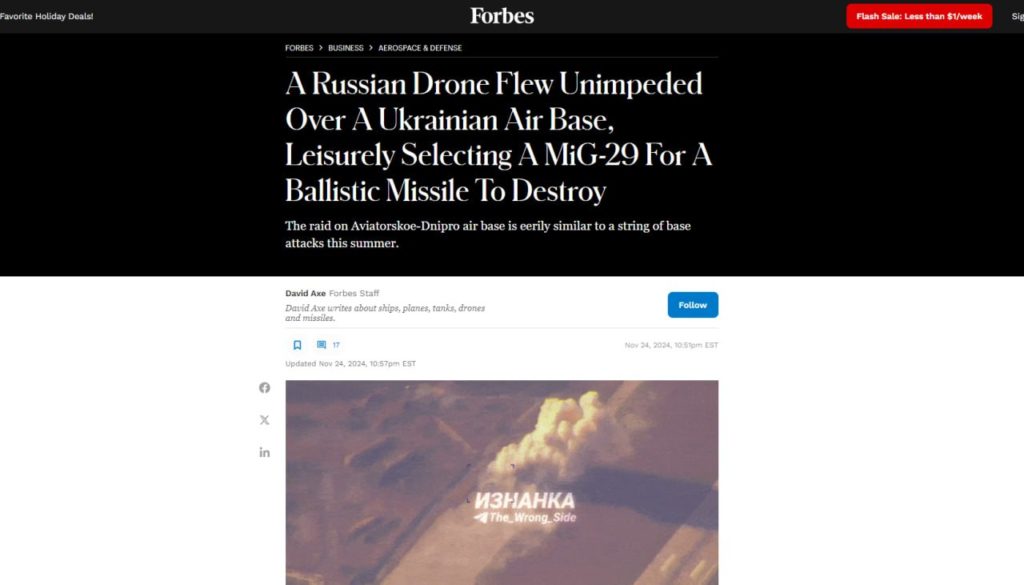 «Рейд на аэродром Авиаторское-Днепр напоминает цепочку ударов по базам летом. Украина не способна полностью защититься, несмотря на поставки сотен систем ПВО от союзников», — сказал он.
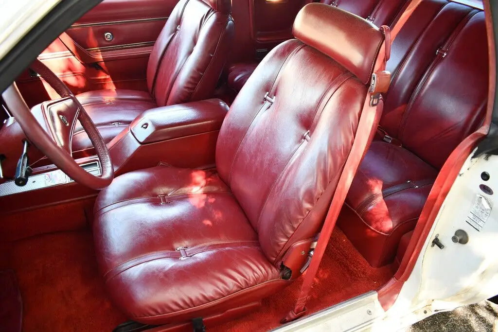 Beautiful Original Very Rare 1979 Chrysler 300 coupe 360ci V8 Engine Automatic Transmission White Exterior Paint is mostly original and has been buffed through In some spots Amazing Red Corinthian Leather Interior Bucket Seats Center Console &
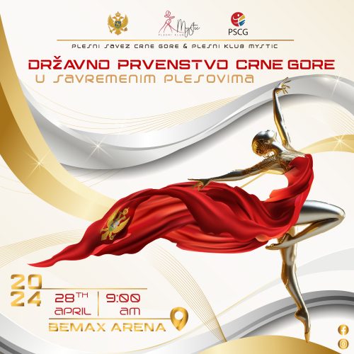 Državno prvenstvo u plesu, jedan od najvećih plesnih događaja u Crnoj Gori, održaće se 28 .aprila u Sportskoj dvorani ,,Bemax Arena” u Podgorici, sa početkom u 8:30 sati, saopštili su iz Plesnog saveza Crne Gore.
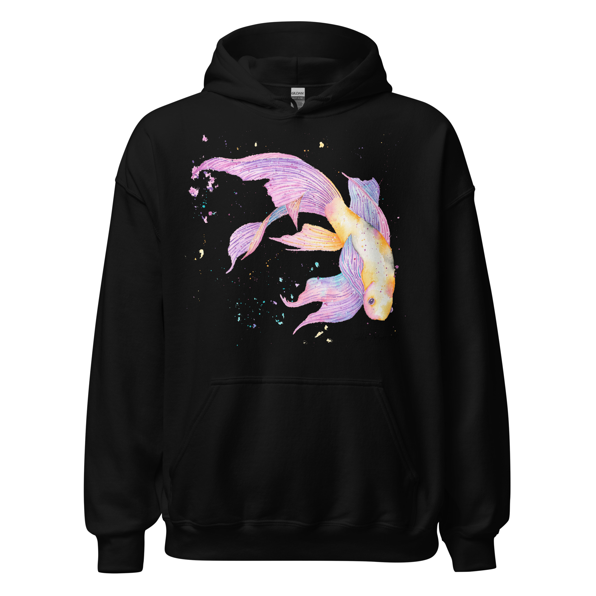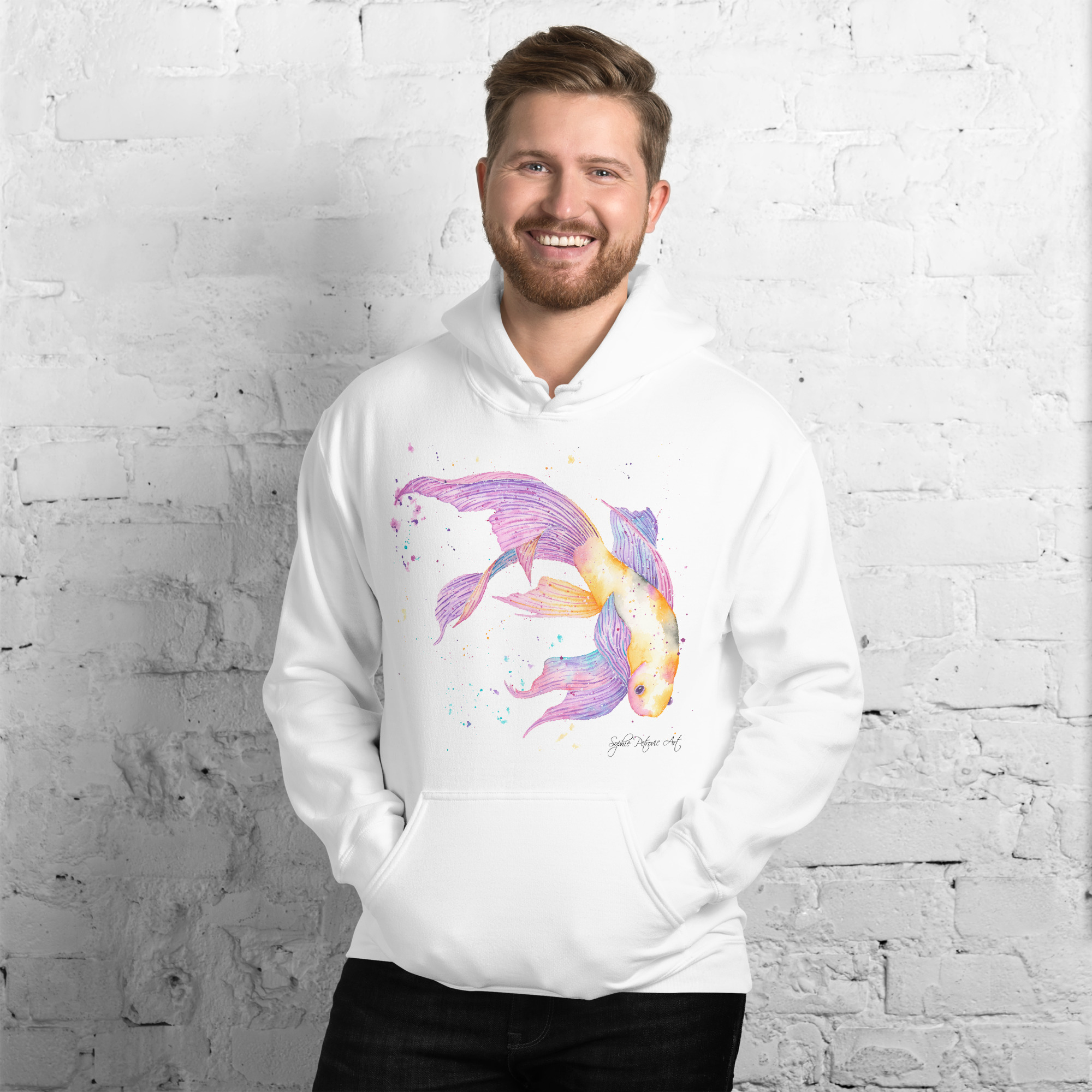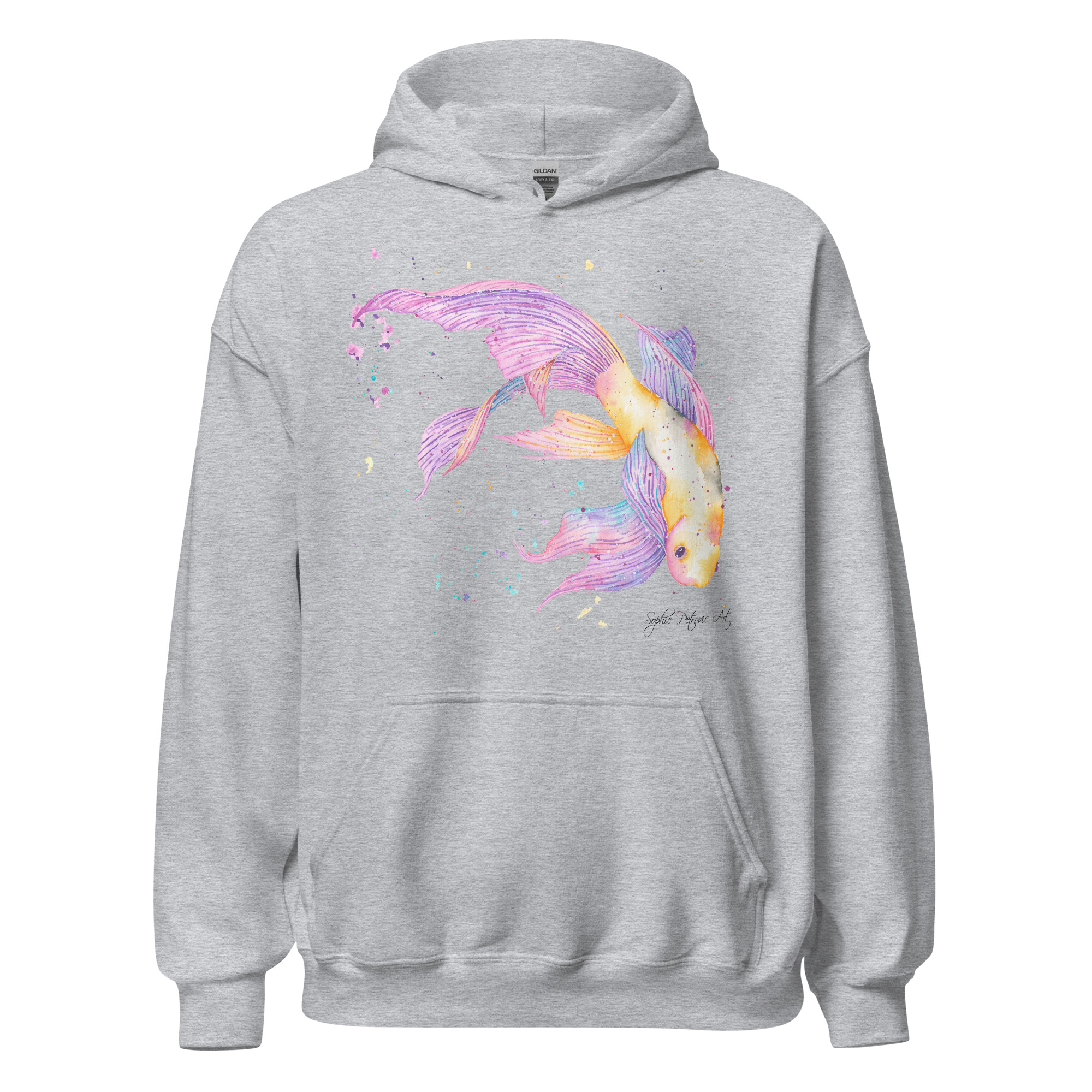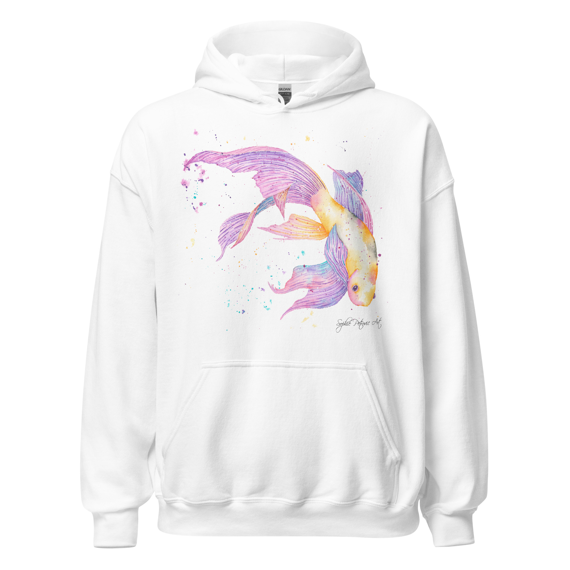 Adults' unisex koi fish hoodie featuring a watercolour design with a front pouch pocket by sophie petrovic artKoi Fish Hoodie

************

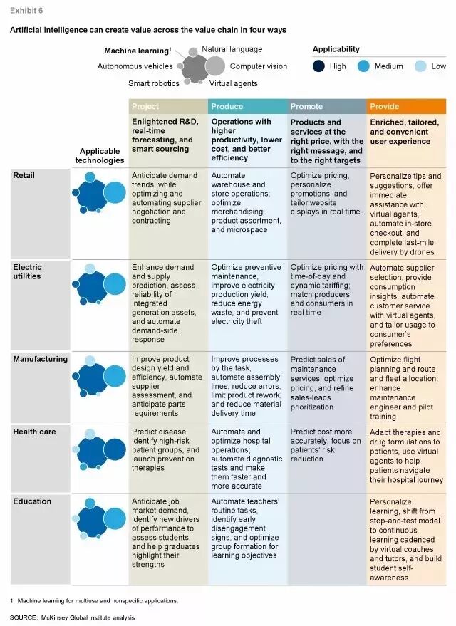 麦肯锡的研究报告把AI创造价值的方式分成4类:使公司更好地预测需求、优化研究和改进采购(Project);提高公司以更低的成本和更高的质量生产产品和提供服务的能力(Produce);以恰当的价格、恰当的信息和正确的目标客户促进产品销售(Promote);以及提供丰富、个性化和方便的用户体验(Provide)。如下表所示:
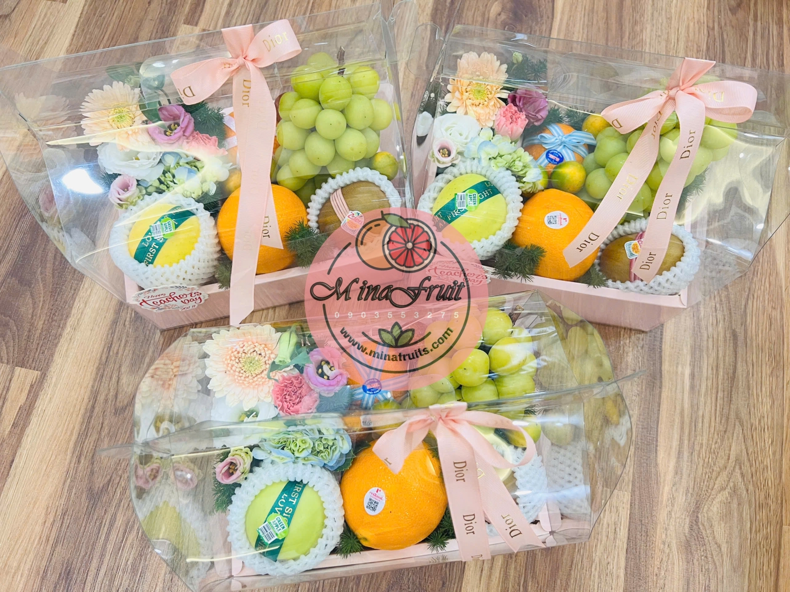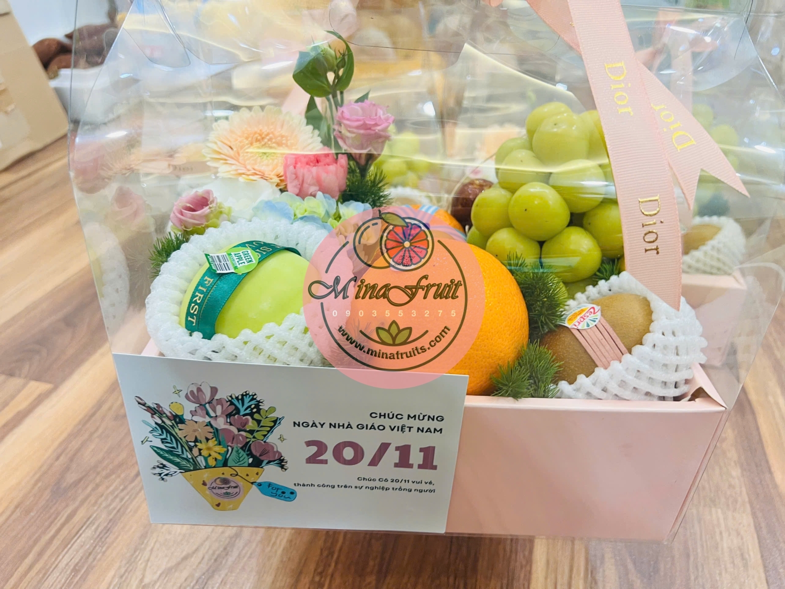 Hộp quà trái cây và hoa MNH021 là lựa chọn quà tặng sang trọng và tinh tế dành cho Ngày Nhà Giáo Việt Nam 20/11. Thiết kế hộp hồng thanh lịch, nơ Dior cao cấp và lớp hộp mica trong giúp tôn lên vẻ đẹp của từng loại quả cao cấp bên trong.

************

What you will do »
If a picture sits between the line containing "Državno prvenstvo u" and the line containing "Adults' unisex koi", leave it out, and return the lines of that range above exactly, both ends included.

Response to this task »
 Državno prvenstvo u plesu, jedan od najvećih plesnih događaja u Crnoj Gori, održaće se 28 .aprila u Sportskoj dvorani ,,Bemax Arena” u Podgorici, sa početkom u 8:30 sati, saopštili su iz Plesnog saveza Crne Gore.
 Adults' unisex koi fish hoodie featuring a watercolour design with a front pouch pocket by sophie petrovic artKoi Fish Hoodie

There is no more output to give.